И минуты растянулись на вечность…минуты после, когда он лежал на спине, тяжело дыша, и смотрел мне в глаза, и я все еще там над звездами. Не одна. Вместе с ним. Сплел пальцы с моими и улыбается…в зрачках, выступивших на фоне темно-синей радужки, мое отражение и чисто мужской триумф, а потом как взметнулся и закрыл от посторонних взглядов.

* * *

Он помогал мне одеться, как заправская служанка, стягивал вверх корсаж платья, поправлял подол, ласкал, ведя пальцем по коже и не отводя взгляда от моих глаз.

— Шелковая…

— Ткань? — не могу оторваться. От него невозможно. Словно взглядами можно целоваться, сплетаться в единое целое. Как это называется…вот это невыносимо болезненное ощущение в груди, когда хочется плакать и одновременно кричать? Как оно называется у смертных…ведь этому есть название.

— Твоя кожа…Ами.

Провел костяшками пальцев по ключице и поднялся вверх по шее к подбородку, провел по щеке, и я невольно закрыла глаза, наслаждаясь лаской.

— Как я…первый? Ты же агара.

Прислоняясь лбом к моему лбу и перебирая длинными пальцами мои локоны, пропуская их между фалангами, и рыжий цвет уже не кажется мне настолько отвратительным.

— Наверное, я была сделана только для тебя. И ждала, пока ты появишься в моей жизни.

Подняла взгляд и вздрогнула от того, насколько ярче засияла синева, пробиваясь через мрак, поедая его сочным оттенком. В моих словах была доля правды. Циничная. Та правда, которую мне внушал Ибрагим. Я, действительно, ждала его, и моя девственность предназначалась для сына Главы Нейтралитета, чтобы потом умело использовать его в своих целях. Но чем больше времени я проводила со Штормом, тем сильнее убеждалась в том, что я не хочу наказывать тех, кто не виновен в смерти моей матери.

Я вообще уже не хочу никого наказывать… с ним хочу быть. Рядом. Видеть, как меняется его взгляд, видеть, как смотрит на меня, и улыбка касается уголков его губ. Моя улыбка. Для меня. Мне никто и никогда вот так не улыбался, никто не трогал мои волосы и не прислонялся лбом к моему лбу.

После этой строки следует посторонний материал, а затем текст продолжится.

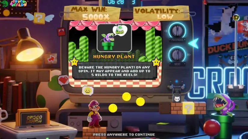 Play the beloved classic game Super Waldo from Croco Gaming, set world records, and unlock all the secret levels. Watch the famous plumber leap from platform to platform, collecting coins and bonuses. Prove your skill and achieve an EPIC victory!
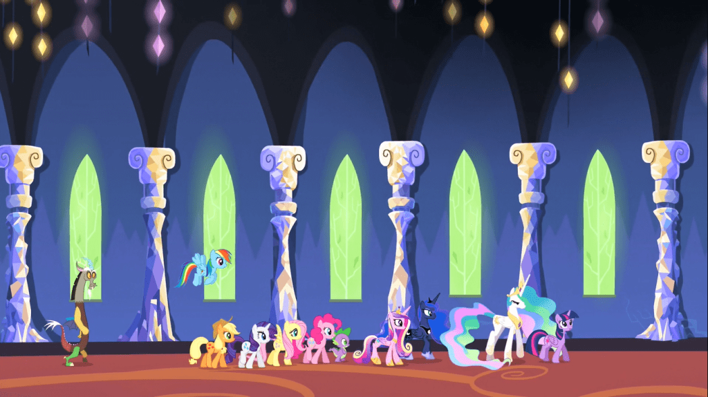 The Mane 6, Spike, and Discord have a group hug, and Discord is amusingly jealous that he doesn’t get a throne; Fluttershy politely tells him he’s not there yet. She’s willing as ever to forgive Discord while understanding he still has lessons to learn.

— Говорить у Морта я буду, а ты молчи, поняла?

Кивнула и неожиданно для себя попросила.

— Поцелуй меня еще раз, пожалуйста.

От неожиданности его глаза расширились и вспыхнули. Обожгли мне вены возвращающимся невыносимым голодом. Привлек к себе за затылок, так близко, что теперь наши губы почти соприкоснулись.

— Зачем? Что для тебя значит поцелуй, Ами?

Перевела взгляд на его губы и невольно провела по ним пальцами, трогая их шелковистую мягкость.

— Когда ты меня поцеловал, мне показалось, что наши души сплелись в одно целое, так же, как и тела. — очертила его верхнюю губу и снова провела по нижней, — Поцелуй — это слияние душ, — вдохнула, когда почувствовала его выдох, — твое дыхание в моем.

— Маленькая Ами верит, что у таких, как мы, есть душа?

— Ами знает, что она есть. Прикоснись к моей душе, и ты тоже узнаешь.

Жадно прижался губами к моему рту, и я задрожала, зарываясь пальцами ему в волосы. В такие непослушные, буйные, всегда растрепанные, словно их исковеркало ураганом. В мои мысли ворвался его голос.

«Я бы прямо сейчас жадно трахнул твое тело еще раз, но я это сделаю потом. Морт ждет отчета».

* * *

Пока он говорил и рассказывал, как прошла операция, я с любопытством наблюдала за ними обоими. Этот жуткий треск электричества раскаляющий воздух, исходящий от Шторма, и спокойная защитная аура Морта. Она отражает каждый удар, вибрирует, как мембрана.